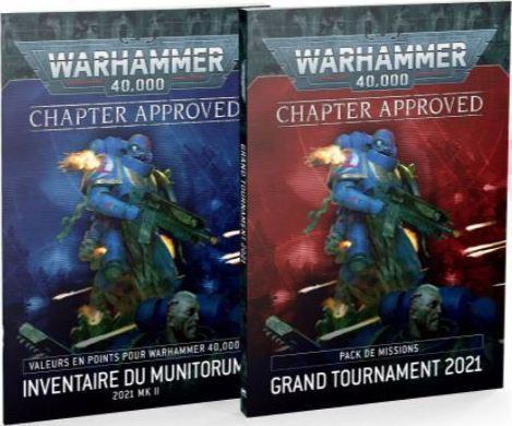 L’édition de cette année de Chapter Approved est la boîte à outils ludique incontournable pour tous les amateurs de Warhammer 40,000 en jeu égal. Que vous soyez habitué des tournois, ou simplement soucieux de toujours jouer des parties équitables, voilà le supplément essentiel pour le jeu égal dans cette édition de Warhammer 40,000. Vous trouverez dans ce livre de 96 pages sous couverture souple : - Deux packs de missions, à savoir neuf scénarios pour les batailles au format Incursion, plus autant pour le format Force de Frappe, tous conçus de sorte à varier les défis pour les joueurs. - Des indications pour mettre en place et jouer une partie de jeu égal ou de compétition au niveau Grand Tournament, en ce qui concerne les dimensions suggérées du champ de bataille, la limite de temps et la définition optimale des objectifs secondaires. - Des objectifs secondaires mis à jour. Certains sont entièrement inédits, d’autres ont été ajustés, ou encore il y a eu révision des Points de Victoire qu’ils rapportent. - Et bien davantage… En outre, vous disposerez d’un livret de 56 pages à part – l’Inventaire du Munitorum MkII – contenant toutes les valeurs en points de jeu égal mises à jour, patiemment équilibrées et ajustées avec le concours des organisateurs des plus grands tournois et de nos testeurs de jeux. Que vous désiriez porter votre jeu égal au niveau supérieur, ou vous tenir à jour des valeurs en points les plus récentes pour l’ensemble des factions, vous trouverez votre bonheur dans Chapter Approved, un guide approprié à l’incroyable nouvelle édition de Warhammer 40,000. Note : les valeurs en points indiquées dans l’Inventaire du Munitorum 2021 MkII pour les Thousand Sons et les Grey Knights ne sont pas les bonnes, en raison d’un retard de la sortie de leur codex respectif. En attendant qu’ils paraissent d’ici fin 2021, vous pouvez télécharger les valeurs en points à jour pour les Thousand Sons et les Grey Knights via le PDF de l’onglet téléchargements. Ces valeurs en points couvrent l’ensemble des unités des deux factions et sont conçues pour servir en accompagnement des codex actuels, en attendant la publication des nouveaux livres.
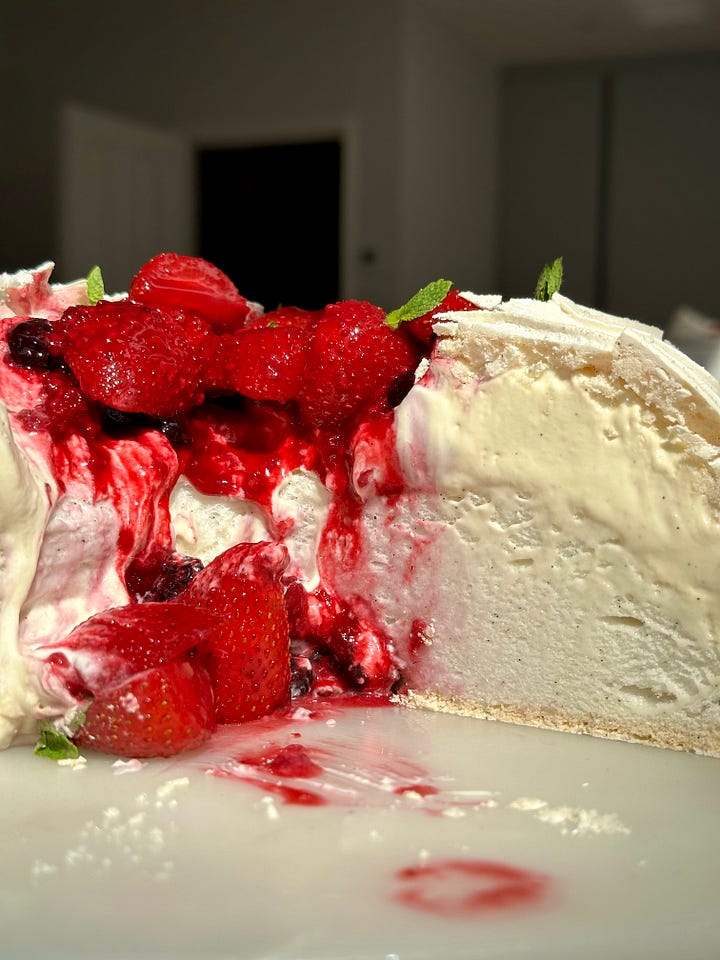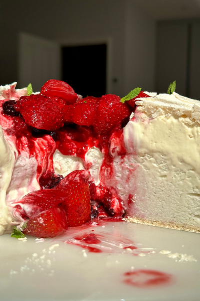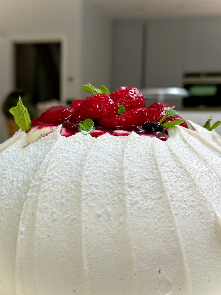 Gently spoon the whipped custard to the pavlova cavity and pile as high as you wish. Top with your mixed berry compote, lightly dust with icing sugar and serve.
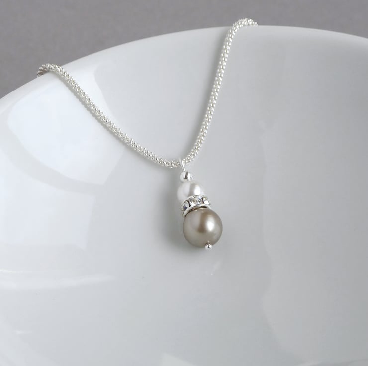 A single, champagne pearl sits in a crystallized belt above a white glass pearl. This taupe pearl and crystal drop hangs from a Sterling silver corb chain. The lustre of the pearls combined with the sparkle of the crystals makes this necklace the ideal gift for bridesmaids in a beige coloured wedding.
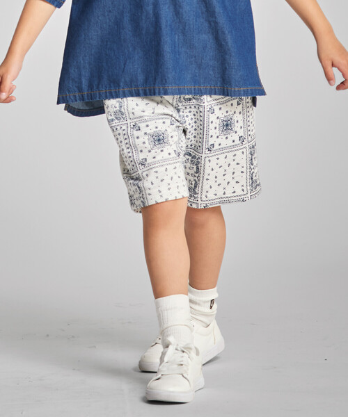 《デザイン》 夏にぴったりなバンダナ柄を総柄でプリントしたハーフパンツです。 全体をオートミールやネイビーのすっきりとしたカラーでまとめて、 おしゃれで大人っぽい印象に仕上げています。 ジャージー素材なので穿き心地良く、 動きやすさがありますので、 男の子女の子問わず着て頂けます。 お子様一人でも着脱しやすいオールゴム仕様で、 内側に調整口があります。 単調になりがちな春夏のコーディネートのアクセントにもなるカジュアルな一枚です。 《リンクコーデ》 下記品番とリンクコーデとしてお召しいただけます。 ・ベビーサイズ(品番:23-49PG05-204) ※在庫がない場合もございますので、予めご了承くださいませ。 《素材》 柔らかで、裏毛よりもループの浮きが少なく、 厚みが抑えられたすっきりとしたインレイ素材にバンダナ柄を総柄でプリントしています。 ポリエステルが高混率に入ることで、通気性・吸水性に優れ、 サラッとした肌触りで夏も快適に着て頂けます。 ご家庭でお洗濯洗い可能です。 ※画像の商品はサンプルとなりますので実際の商品と仕様、加工、サイズが若干異なる場合がございます。 ※こちらの商品はFIVE FOXes独自の採寸方法となっています。 本サイトのサイズガイドと採寸方法が異なる場合がありますのでご了承ください。
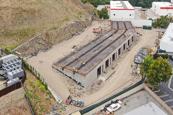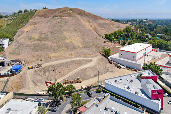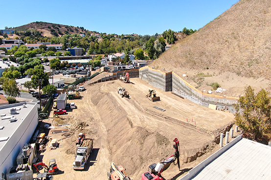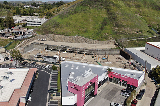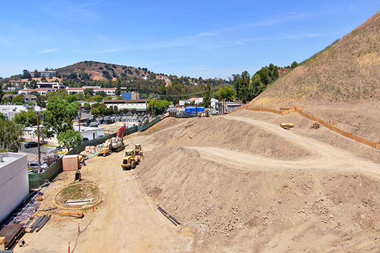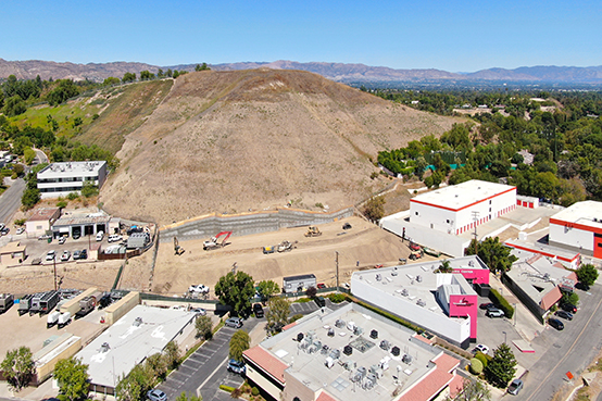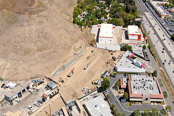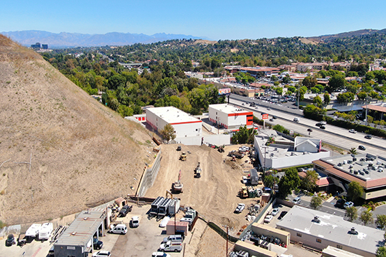 Calabasas Auto Park is an exclusive, exotic and collectable car storage facility. The private auto storage complex is a 31,500 sq.ft. two-story masonry and concrete facility on a 4.6-acre hillside parcel in Calabasas. Attractive contemporary architecture with high ceilings, wide panelized doors, common areas, restrooms and meeting area for its owners. The final result will be 19 individual luxury and collector car condominiums across two levels with glass roll-up doors, and a two-level common area with amenities for club members. Gated and secured with cameras around the property. Extensive site work includes soil nail retaining walls, masonry property line walls, secure access-controlled gate entry, and exquisite landscaping improvements. The landscape and architectural design will blend in with the surrounding hills. |
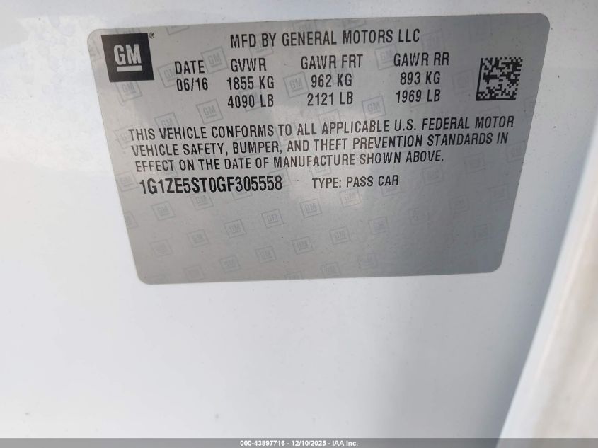 2016 CHEVROLET MALIBU 2016 року Бензин, 1.5, Передній привід, vin - 1G1ZE5ST0GF305558 з США
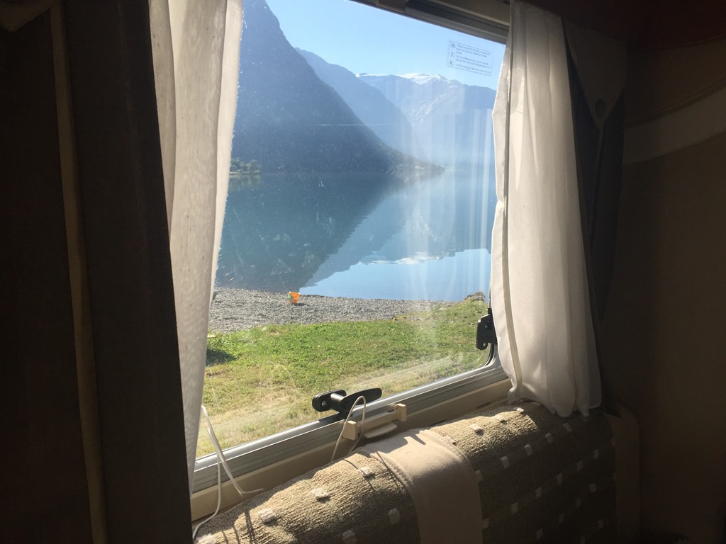 Vaknade inte innan 08:10 och gick då en runda med Chili innan jag började med frukost. Vi åt frukost och packade matsäck inför dagens äventyr. Ingen dålig vy från frukostbordet.![]()
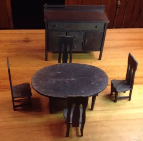 Title (ebay affiliate link): ANTIQUE HANDMADE WOODEN DOLLHOUSE FURNITURE DINING TABLE 4 CHAIRS & SIDE CABINE

**TASK REQUIREMENTS**: Would you transcribe all of the data exactly, omitting any pictures?

**TASK ANSWER**:
 L’édition de cette année de Chapter Approved est la boîte à outils ludique incontournable pour tous les amateurs de Warhammer 40,000 en jeu égal. Que vous soyez habitué des tournois, ou simplement soucieux de toujours jouer des parties équitables, voilà le supplément essentiel pour le jeu égal dans cette édition de Warhammer 40,000. Vous trouverez dans ce livre de 96 pages sous couverture souple : - Deux packs de missions, à savoir neuf scénarios pour les batailles au format Incursion, plus autant pour le format Force de Frappe, tous conçus de sorte à varier les défis pour les joueurs. - Des indications pour mettre en place et jouer une partie de jeu égal ou de compétition au niveau Grand Tournament, en ce qui concerne les dimensions suggérées du champ de bataille, la limite de temps et la définition optimale des objectifs secondaires. - Des objectifs secondaires mis à jour. Certains sont entièrement inédits, d’autres ont été ajustés, ou encore il y a eu révision des Points de Victoire qu’ils rapportent. - Et bien davantage… En outre, vous disposerez d’un livret de 56 pages à part – l’Inventaire du Munitorum MkII – contenant toutes les valeurs en points de jeu égal mises à jour, patiemment équilibrées et ajustées avec le concours des organisateurs des plus grands tournois et de nos testeurs de jeux. Que vous désiriez porter votre jeu égal au niveau supérieur, ou vous tenir à jour des valeurs en points les plus récentes pour l’ensemble des factions, vous trouverez votre bonheur dans Chapter Approved, un guide approprié à l’incroyable nouvelle édition de Warhammer 40,000. Note : les valeurs en points indiquées dans l’Inventaire du Munitorum 2021 MkII pour les Thousand Sons et les Grey Knights ne sont pas les bonnes, en raison d’un retard de la sortie de leur codex respectif. En attendant qu’ils paraissent d’ici fin 2021, vous pouvez télécharger les valeurs en points à jour pour les Thousand Sons et les Grey Knights via le PDF de l’onglet téléchargements. Ces valeurs en points couvrent l’ensemble des unités des deux factions et sont conçues pour servir en accompagnement des codex actuels, en attendant la publication des nouveaux livres.
 Gently spoon the whipped custard to the pavlova cavity and pile as high as you wish. Top with your mixed berry compote, lightly dust with icing sugar and serve.
 A single, champagne pearl sits in a crystallized belt above a white glass pearl. This taupe pearl and crystal drop hangs from a Sterling silver corb chain. The lustre of the pearls combined with the sparkle of the crystals makes this necklace the ideal gift for bridesmaids in a beige coloured wedding.
 《デザイン》 夏にぴったりなバンダナ柄を総柄でプリントしたハーフパンツです。 全体をオートミールやネイビーのすっきりとしたカラーでまとめて、 おしゃれで大人っぽい印象に仕上げています。 ジャージー素材なので穿き心地良く、 動きやすさがありますので、 男の子女の子問わず着て頂けます。 お子様一人でも着脱しやすいオールゴム仕様で、 内側に調整口があります。 単調になりがちな春夏のコーディネートのアクセントにもなるカジュアルな一枚です。 《リンクコーデ》 下記品番とリンクコーデとしてお召しいただけます。 ・ベビーサイズ(品番:23-49PG05-204) ※在庫がない場合もございますので、予めご了承くださいませ。 《素材》 柔らかで、裏毛よりもループの浮きが少なく、 厚みが抑えられたすっきりとしたインレイ素材にバンダナ柄を総柄でプリントしています。 ポリエステルが高混率に入ることで、通気性・吸水性に優れ、 サラッとした肌触りで夏も快適に着て頂けます。 ご家庭でお洗濯洗い可能です。 ※画像の商品はサンプルとなりますので実際の商品と仕様、加工、サイズが若干異なる場合がございます。 ※こちらの商品はFIVE FOXes独自の採寸方法となっています。 本サイトのサイズガイドと採寸方法が異なる場合がありますのでご了承ください。
 Calabasas Auto Park is an exclusive, exotic and collectable car storage facility. The private auto storage complex is a 31,500 sq.ft. two-story masonry and concrete facility on a 4.6-acre hillside parcel in Calabasas. Attractive contemporary architecture with high ceilings, wide panelized doors, common areas, restrooms and meeting area for its owners. The final result will be 19 individual luxury and collector car condominiums across two levels with glass roll-up doors, and a two-level common area with amenities for club members. Gated and secured with cameras around the property. Extensive site work includes soil nail retaining walls, masonry property line walls, secure access-controlled gate entry, and exquisite landscaping improvements. The landscape and architectural design will blend in with the surrounding hills. |
 2016 CHEVROLET MALIBU 2016 року Бензин, 1.5, Передній привід, vin - 1G1ZE5ST0GF305558 з США
 Vaknade inte innan 08:10 och gick då en runda med Chili innan jag började med frukost. Vi åt frukost och packade matsäck inför dagens äventyr. Ingen dålig vy från frukostbordet.![]()
 Title (ebay affiliate link): ANTIQUE HANDMADE WOODEN DOLLHOUSE FURNITURE DINING TABLE 4 CHAIRS & SIDE CABINE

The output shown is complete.